Getting into the specifics, an impressive 11 out of 12 covering analysts rate DAL a "buy" or better. What's more, the equity's consensus 12-month price target of $45.53 stands at a healthy 10.2% premium to the stock's current price of $41.25 -- and in uncharted territory.
However, during the last 50 days on the International Securities Exchange (ISE), Chicago Board Options Exchange (CBOE), and NASDAQ OMX PHLX (PHLX), Delta has racked up a put/call volume ratio of 0.45. Although this ratio indicates calls have been bought to open at more than twice the pace of puts, the reading ranks in the 93rd percentile of its annual range. In other words, option traders have rarely scooped up bearish bets (relative to bullish) at a faster clip, looking back one year. Suffice it to say, a capitulation among these skeptics could yield significant tailwinds for the stock.
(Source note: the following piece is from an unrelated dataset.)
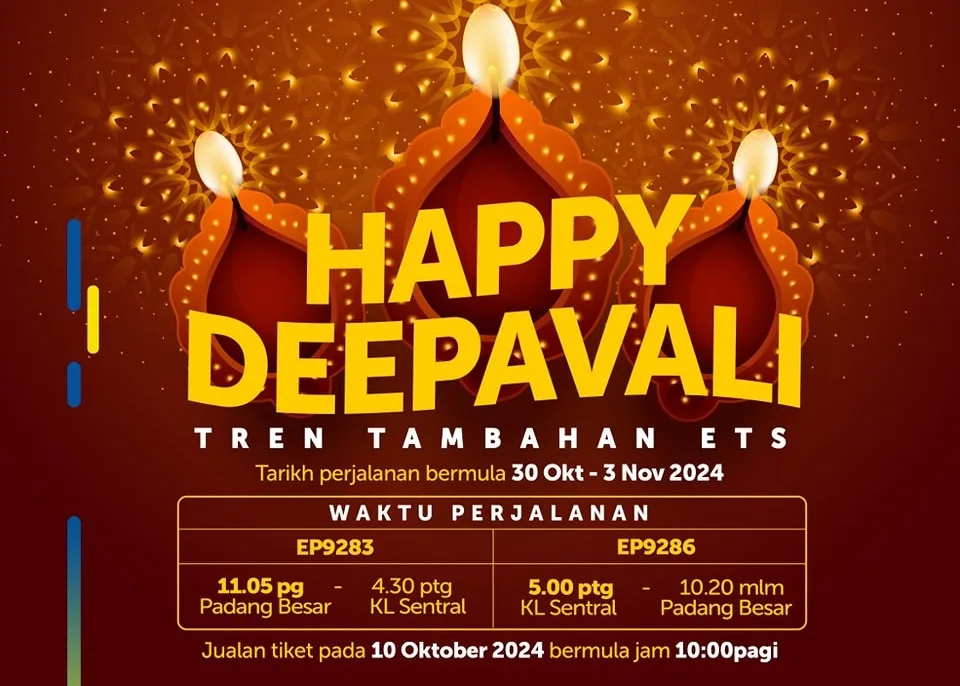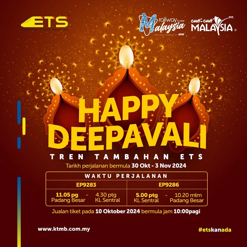 Keretapi Tanah Melayu Berhad (KTMB) provides two additional Electric Train Services (ETS) for the KL Sentral to Padang Besar route, along with return trips, to accommodate travelers during the Deepavali celebrations.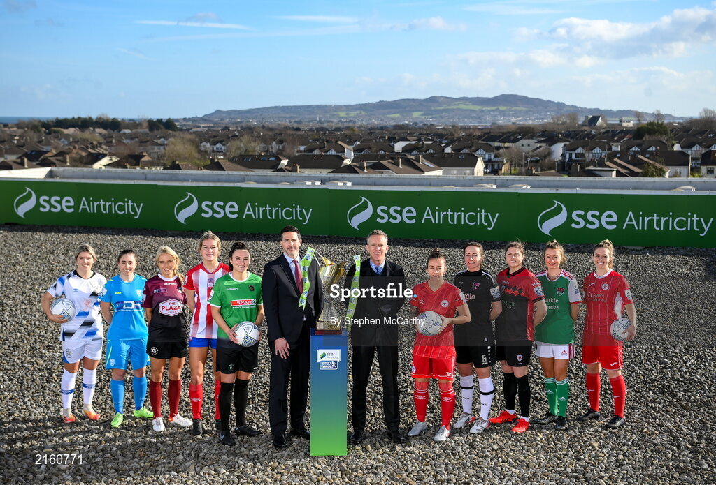 9 February 2022; David Manning, Director of Customer Marketing, SSE Airtricity, left, and FAI chief executive Jonathan Hill, with SSE Airtricity Women's National League players, from left, Laurie Ryan of Athlone Town AFC, Rachel Doyle of DLR Waves, Julie Ann Russell of Galway Women, Jesse Mendez of Treaty United, Tiegan Ruddy of Peamount United, Pearl Slattery of Shelbourne, Kylie Murphy of Wexford Youths Women, Sinead Taylor of Bohemians, Danielle Burke of Cork City, Emma Hansberry of Sligo Rovers at the launch of the SSE Airtricity Premier & First Division and Women's National League 2022 season held at at HBV Studios in Clarehall, Dublin. Photo by Stephen McCarthy/Sportsfile

In a similar vein, short interest increased 11.3% during the latest reporting period. As a result, nearly 17 million DAL shares are currently sold short. Should the security continue to race to higher highs, the shorts may be forced to cover their bearish positions, intensifying buying pressure on the equity.
As alluded to earlier, Delta Air Lines, Inc. (NYSE:DAL) is 1.2% higher this morning, thanks to several encouraging metrics from May. Specifically, the airline's passenger traffic rose 5.8% year-over-year, capacity expanded by 3.6%, and passenger revenue per available seat mile (PRASM) grew by 7%.